She herself stated that she has questionable control of her power. I seriously doubt she is so Stupid as to risk attempting physical contact with an unknown energy form. She is Not a Ditzy Blond, far from it.
You Assume automatically that she would have done the same thing and thus Neuronet is Absolved on responsibility for the pain she suffered. Like Rastov said, its a bad memory. However, the “dying” as she was ejected probably hurt like you wouldn’t believe.
Whether or not she Might have done it doesn’t matter, the fact is he Forced Her, he removed her Right to Choose. That makes him a guy worthy of all forms of Contempt.
There is no sliding around that simple fact. He Took Away Her Choice. Period.
Yeah, that no one died was moral luck. If Neuronitwit used his power to force some random person test a landmine field and they died, it was his crime. He plainly wasn’t listening to their objections from his comments at the time. She may have warned him that it was dangerous. He didn’t know she wouldn’t die.
He did eliminate one competitor and failed to eliminate 84. This makes the open antagonists far less dangerous than someone who USES allies as minesweepers.

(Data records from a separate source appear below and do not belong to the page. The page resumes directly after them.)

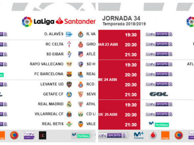 Horarios de las jornadas 33 y 34 de LaLiga Santander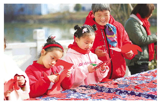 ▲1月19日,在浙江省湖州市德清县洛舍镇三家村,孩子们在当地举行的文化迎新春活动上制作生肖“兔”剪纸作品。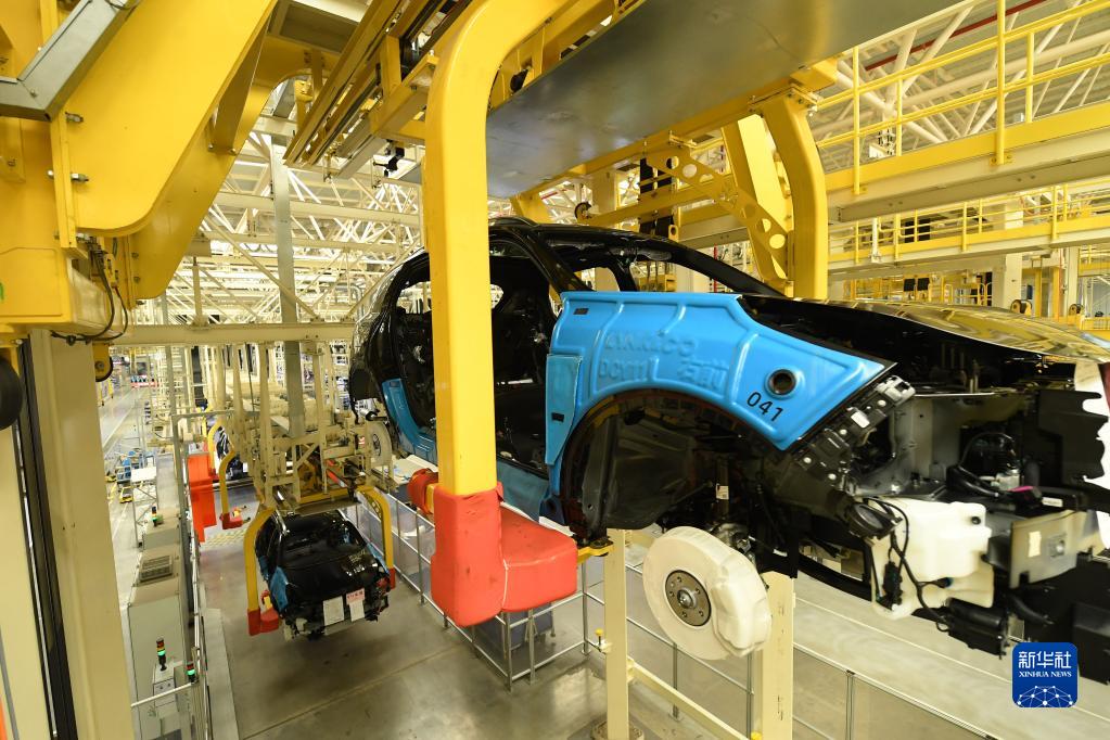4月11日,在領(lǐng)克汽車(chē)寧波余姚工廠(chǎng)總裝車(chē)間,全自動(dòng)生產(chǎn)線(xiàn)將新能源車(chē)運送到下一個(gè)環(huán)節。

Have to make one correction to my comment. She said her powers are hard to control. My brain mangled that somehow (had to go back and read the whole spiel again).
Still, it doesn’t change what Neuronet did. He removed her Right to Choose How to Act.

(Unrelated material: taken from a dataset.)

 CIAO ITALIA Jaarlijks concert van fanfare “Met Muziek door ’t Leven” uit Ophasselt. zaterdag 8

Rastov doesn’t know how many times they’ve looped.
Because the loop resets for him.
Which probably means the whole trap resets for him.
Which in turn means…the current batch of candidates probably weren’t the first people to make it this far after all. Rastov is trapped forever because he’ll never know if the conditions for his release have been met. He’s probably paid off his “debt” centuries ago. If Conjurer can prove that to him…
I’m fairly certain that is the case. Remember, there is only ONE barrier before this point. And to get past it, all you have to do is not be searching for something protected and state your purpose as such. In however long this has been here (likely since Nodwick’s time) it’s pretty likely at least one other group or individual got this far. The “not-noticing part” likely makes it so Rastov doesn’t remember any previous loops unless he thinks hard about it (kind of like how it took 84 a while to notice that they passed the same point several times, but she noticed when she thought about it).
That is what they are getting at here. It seems unlikely that nobody ever tried to get there before. And it would be a nice irony if even Rastov was part of the loop.
My guess is that Rastov is inside the circle of the diagram, with everybody else.
Actually, the true condition to being released could be to let people pass. After all that could mean he could pass on too.
Something he never did before, because nobody ever figured out the magic in the Conjurers level.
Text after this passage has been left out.